Pantauan di kanal YouTube Sekretariat Presiden, Prabowo tiba sekitar pukul 14.15 WIB dengan mengenakan baju safari berwarna krem.
Dia berjalan berdampingan dengan Menko Bidang Perekonomian Airlangga Hartarto, Menteri ESDM Bahlil Lahadalia, Menteri Investasi dan Hilirisasi/Kepala BKPM Rosan Roeslani, Menteri Sekretaris Negara Prasetyo Hadi, serta Sekretaris Kabinet Teddy Indra Wijaya.
Setibanya di tenda peresmian, Prabowo langsung menyapa dan menyalami sejumlah pejabat yang hadir.

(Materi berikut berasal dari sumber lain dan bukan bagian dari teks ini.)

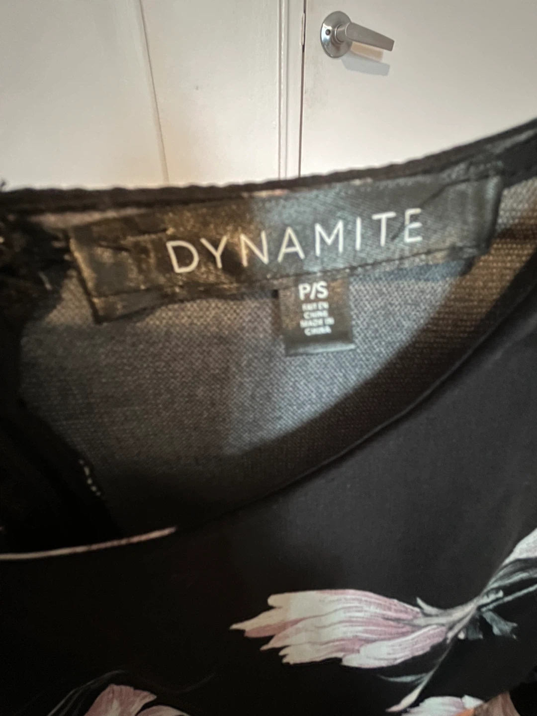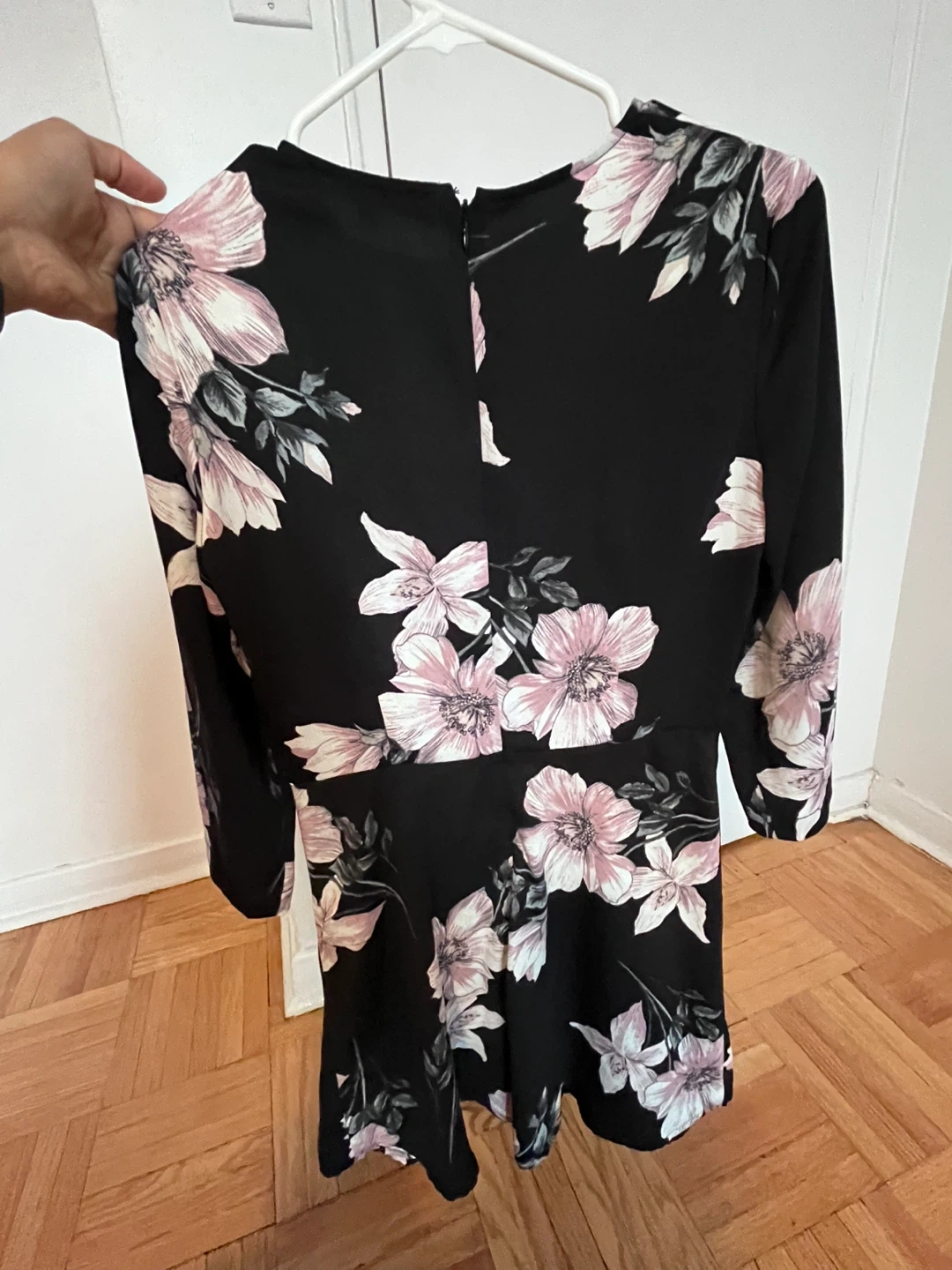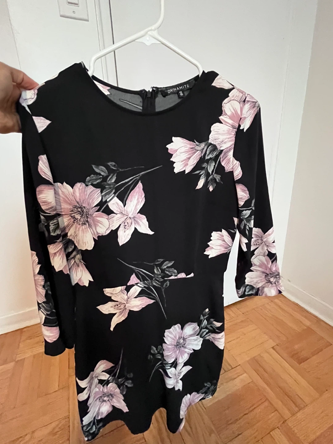 This Dynamite dress features a bold black base with a pretty pink floral print. It has long sleeves and a comfortable fit. A lovely option for a casual outing!

Di antaranya Menteri Koperasi Ferry Juliantono, Kapolri Jenderal Listyo Sigit Prabowo, serta Kepala BAKOM RI Angga Raka Prabowo.
Rangkaian acara kemudian dilanjutkan dengan menyanyikan lagu kebangsaan Indonesia Raya dan pembacaan doa.
Setelah itu, Presiden Prabowo dijadwalkan memberikan pidato arahan dan meresmikan groundbreaking Program PLTS 100 GWp.
Mensesneg Prasetyo Hadi sebelumnya mengatakan program tersebut merupakan langkah strategis untuk memperkuat kemandirian energi sekaligus mengurangi ketergantungan Indonesia terhadap energi fosil.
“Program ini merupakan bagian dari Program Kerja Prioritas Nasional Klaster Kemandirian Energi dan Air, yang diarahkan untuk memperkuat kemandirian dan ketahanan energi nasional serta mengurangi ketergantungan terhadap energi fosil," ungkapnya dalam keterangan tertulis, Senin pagi.
Prabowo telah menginstruksikan percepatan pembangunan PLTS 100 GWp agar dapat diselesaikan pada 2029. Program tersebut diperkirakan mampu menciptakan efisiensi biaya listrik hingga Rp73,9 triliun per tahun.
Pada 2026, pemerintah menargetkan pembangunan 30 GWp PLTS sekaligus menghentikan operasional 13 GWp pembangkit listrik tenaga diesel (PLTD).
Indonesia sendiri memiliki potensi energi surya sekitar 3.294 GWp. Namun, kapasitas PLTS terpasang hingga April 2026 baru mencapai sekitar 1,5 GWp.
Pembangunan PLTS 100 GWp akan dilakukan secara bertahap, yakni Tahap I sebesar 17 GWp, Tahap II 18 GWp, dan Tahap III 30 GWp.
Prasetyo mengatakan program tersebut juga diproyeksikan menjadi mesin pertumbuhan ekonomi baru melalui investasi pembangkit, baterai, dan jaringan, penguatan industri solar PV dalam negeri, serta penciptaan lapangan kerja hijau.
"RUPTL 2025-2034 diproyeksikan menciptakan sekitar 1,7 juta lapangan pekerjaan, lebih dari 760 ribu di antaranya berpotensi menjadi green jobs," kata dia.